On 26 March 2025, ESPN was added on ESPN hub on the streaming service Disney+.

==Content==
ESPN Australia has made locally-produced content, including Australian versions of PTI and SportsCenter. They also air a soccer discussion show Monday to Friday called ESPNsoccernet PressPass which is hosted by Andrew Orsatti.

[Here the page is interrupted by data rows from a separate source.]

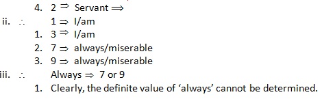 1 2 3 → I am servant … (i) 1. 2 7 9 → servant always miserable … (ii) 2. 6 8 4 → poverty is curse … (iii) 3. From equations (i) and (ii),
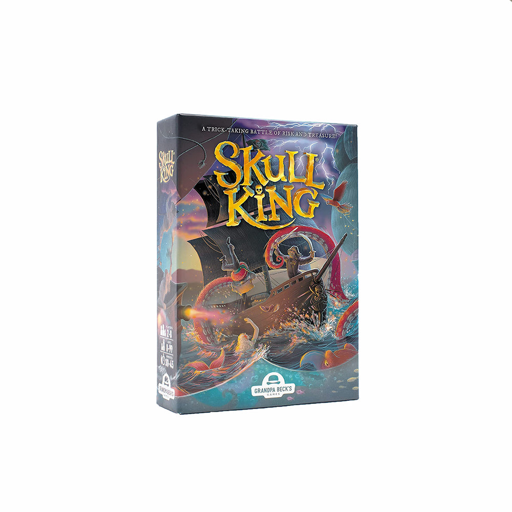 A fast-paced trick-taking game with a pirate twist. Bid each round on how many tricks you’ll win. Watch out! Mermaids, pirates, the notorious Skull King, and the new White Whale and Kraken cards add to the adventure! Bid correctly, and you’ll gain points—bid wrong, and it’s Davy Jones’ locker for you!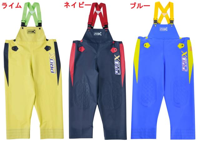 プロエックスα 胸付ズボン ネイビー ライム ブルー S M L LL 3L 4L 5L 弘進ゴム 日本製 レインパンツ レインウェア 水産合羽 裾口3段階に調節可能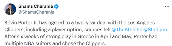 据最新报道,快船已经和火箭旧将小凯文-波特签下2年合同,第二年为球员选项;小波特曾因家暴女友被火箭开除,而且4年8250万美元合同被废除,上赛季只能前往海外联赛打球;如今他加盟快船重返NBA。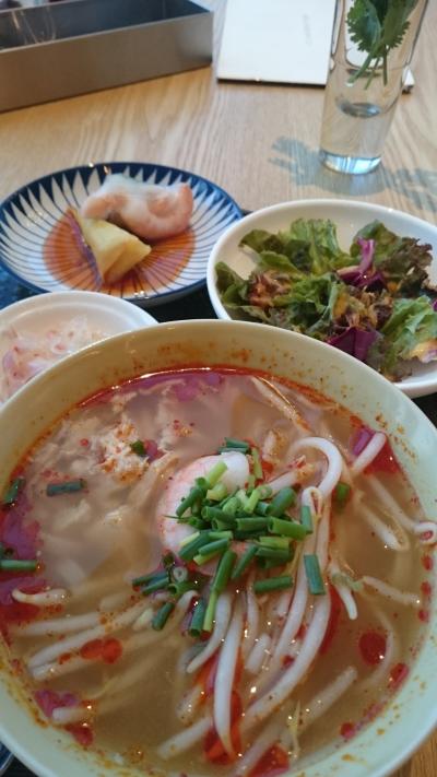 白を基調にしたとても明るい店内でした。窓際の席は博多駅ビュー。セットメニューがあるので夜でもお安いです。トムヤムクンはかなり酸味があって好みの味。パクチー好きな方は無料で追いパクチーができます。他のメニューも試してみたいです。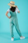 Yeşil Yazı Baskılı Tişörtlü Kız Salopet Tulum 15683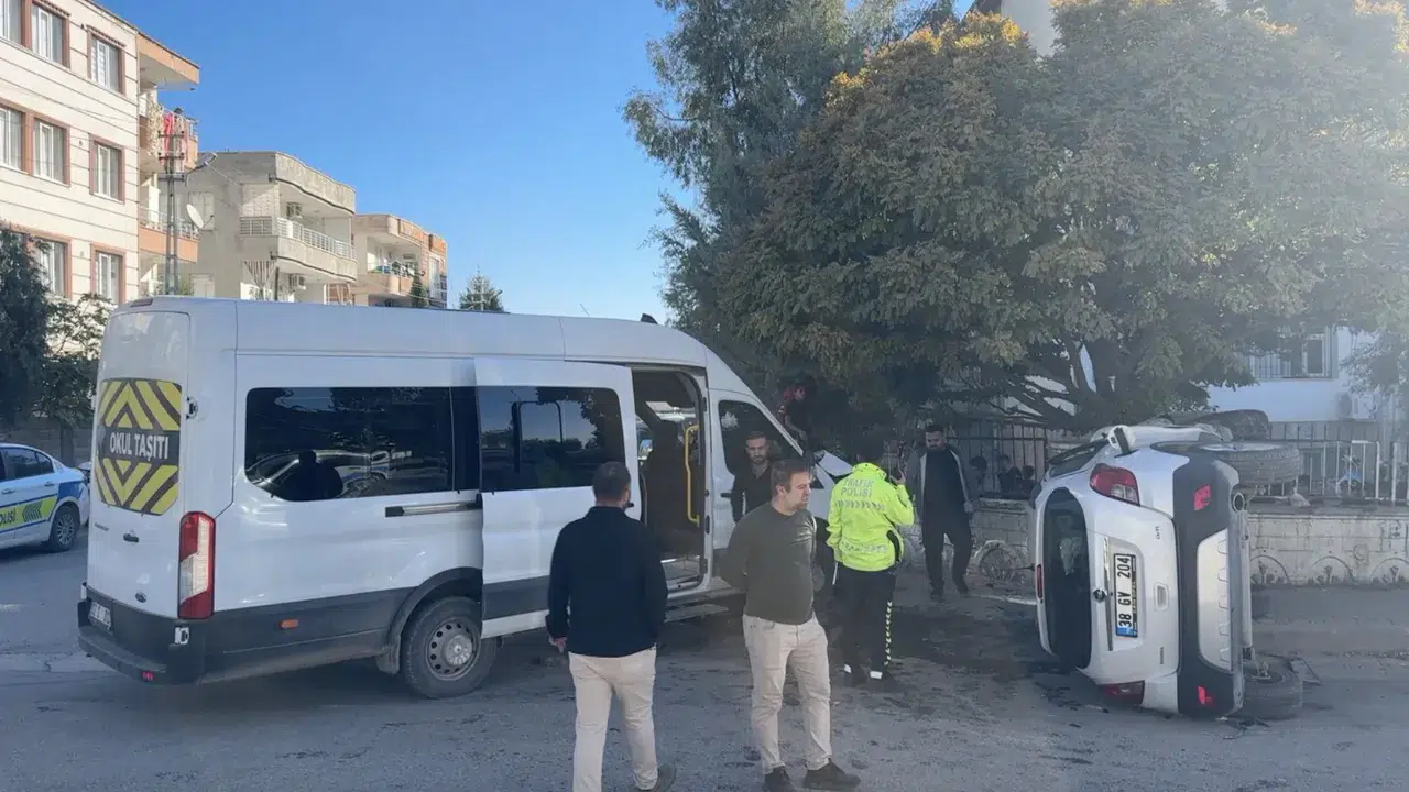 M.E. idaresindeki 02 S 0101 plakalı okul servis minibüsü, Malazgirt Mahallesi Şehit Turan Çelik İmam Hatip Ortaokulu önünde M.E.G. yönetimindeki 38 GV 204 plakalı otomobille çarpıştı.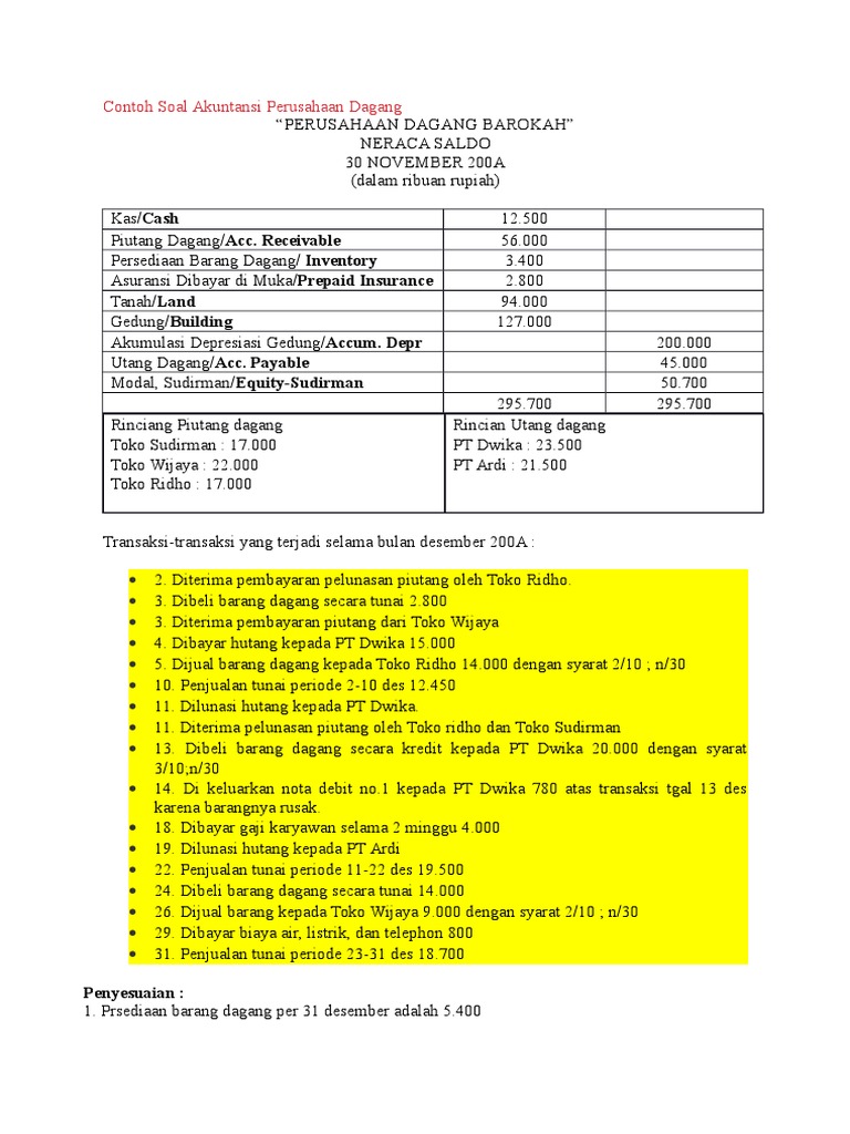 Contoh Soal Akuntansi Perusahaan Dagang Beserta Jawaban Pdf Dapatkan ContohPos.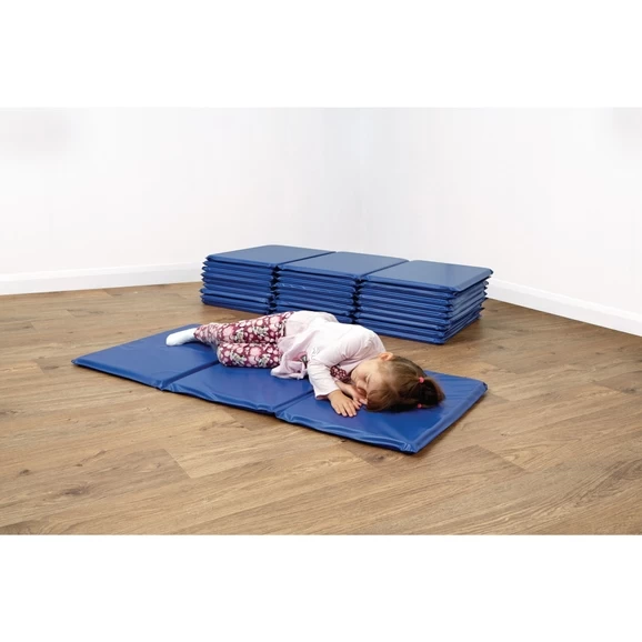 Our great value Folding Rest Mat is durable for regular use as we know that sleeping is an essential part of the day in nursery settings. The outer vinyl is soft and wipe clean and the seams are welded for hygiene. The space saving design allows the mat to be folded in 3 and stored easily.
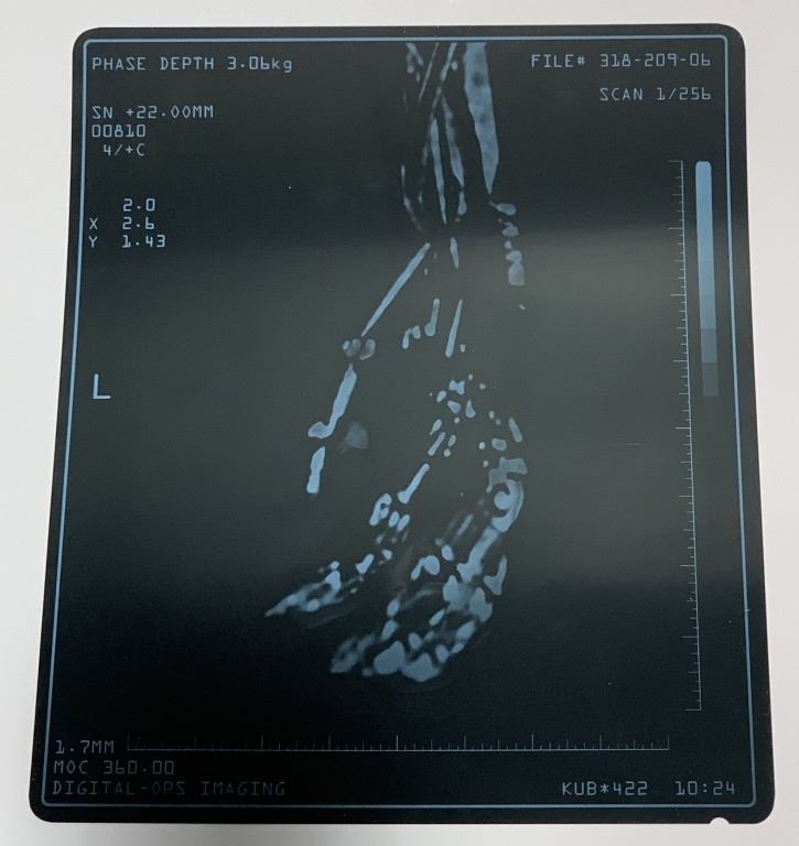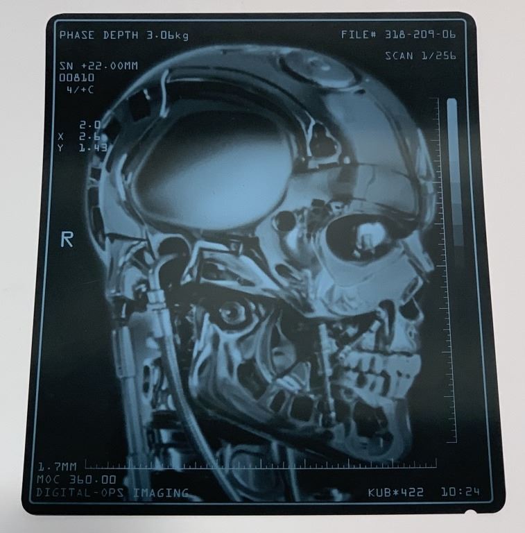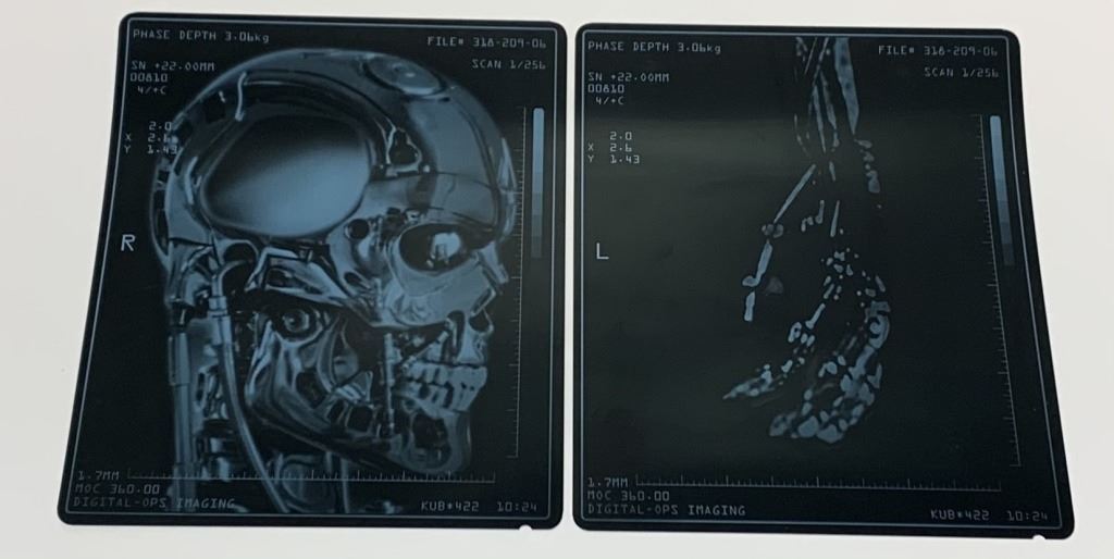 Set of 2 x-ray's for the model 101 from "Cyberdyne Systems" used in the production of 'Terminator Salvation' (2009), the military science fiction action movie where, in 2018, a mysterious new weapon in the war against the machines, half-human and half-machine, comes to John Connor on the eve of a resistance attack on Skynet. But whose side is he on, and can he be trusted?

The following is the list of sports programming shown on ESPN channels (with some being shown only on ESPN and not ESPN2, and vice versa).

===American Football===
- National Football League (includes NFL draft, Sunday Night Football, Monday Night Football, Thursday Night Football, three Sunday afternoon games, all NFL Network games, Thanksgiving day, NFL RedZone, Pro Bowl plus all the Playoff games and Super Bowl)
- College football (includes regular season, Heisman Trophy, College Football Playoff and College Football Championship Game)
- United Football League

===Baseball===
- Major League Baseball (includes Sunday, Monday, Tuesday, Wednesday, Thursday, Friday and Saturday Night Baseball, MLB Strike Zone, Home Run Derby, All-Star Game, all playoff games and World Series)
- World Baseball Classic
- College baseball
- Little League World Series

===Basketball===
- National Basketball Association (includes NBA draft, NBA All-Star Weekend, Wednesday and some Friday games (mostly doubleheaders), Saturday games (including all ABC games), ESPN/ABC games on Sundays, all NBC/Peacock games, playoff games and NBA Finals)
- FIBA Basketball World Cup
- FIBA Women's Basketball World Cup
- FIBA Asia Cup
- FIBA Women's Asia Cup
- National Basketball League
- Women's National Basketball League
- Women's National Basketball Association
- College basketball
- NBA Summer League
- NBA G League
- Athletes Unlimited Basketball

===Cricket===
- Australia Tour of West Indies (men and women)
- New Zealand Tour of West Indies
- Pakistan Super League

===Ice Hockey===
- National Hockey League
- Australian Ice Hockey League

=== Mixed Martial Arts ===
- ONE Championship

=== Multi-Sport Events ===
- Special Olympics World Games

=== Padel ===
- Hexagon Cup

===Poker===
- World Series of Poker

===Professional wrestling===
- All Elite Wrestling (includes AEW Dynamite and AEW Collision)

===Soccer===
- UEFA Women's Champions League
- Eredivisie
- Campeonato Brasileiro Série A
- CONCACAF Gold Cup

===Tennis===
- Wimbledon Championships (only in New Zealand)
- U.S. Open (only in New Zealand)
- ATP Finals (only in New Zealand)
- ATP 1000 (only in New Zealand)
- ATP 500 (only in New Zealand)

===Other programming===
- NCAA events
- ESPN Films
- World's Strongest Man
- ESPY Award

===News and talk shows===
- Around the Horn
- College Gameday
- E:60
- First Take
- Highly Questionable
- Jalen & Jacoby
- Outside the Lines
- Pardon the Interruption Australia
- SportsCenter
- SportsCenter Australia
- The Pat McAfee show

==ESPN HD==
ESPN HD was one of the first five channels to be available in HD when Foxtel HD+ launched. ESPN HD commenced in June 2008. The SD version of ESPN began broadcasting in widescreen on 25 January 2010.
On 2 June 2011 ESPN HD (the HD simulcast) and ESPN3.com launched in New Zealand on Sky.

==ESPN 3D==
ESPN 3D launched in Australia on 30 July 2010. The channel launched to show 8 hours of the X Games 16 live in 3D.
Foxtel 3D launched on 1 November 2010 which shows all of ESPN 3D's content – with ESPN 3D no longer having its own channel. ESPN 3D was shut down on 30 September 2013, citing "limited viewer adoption of 3D services".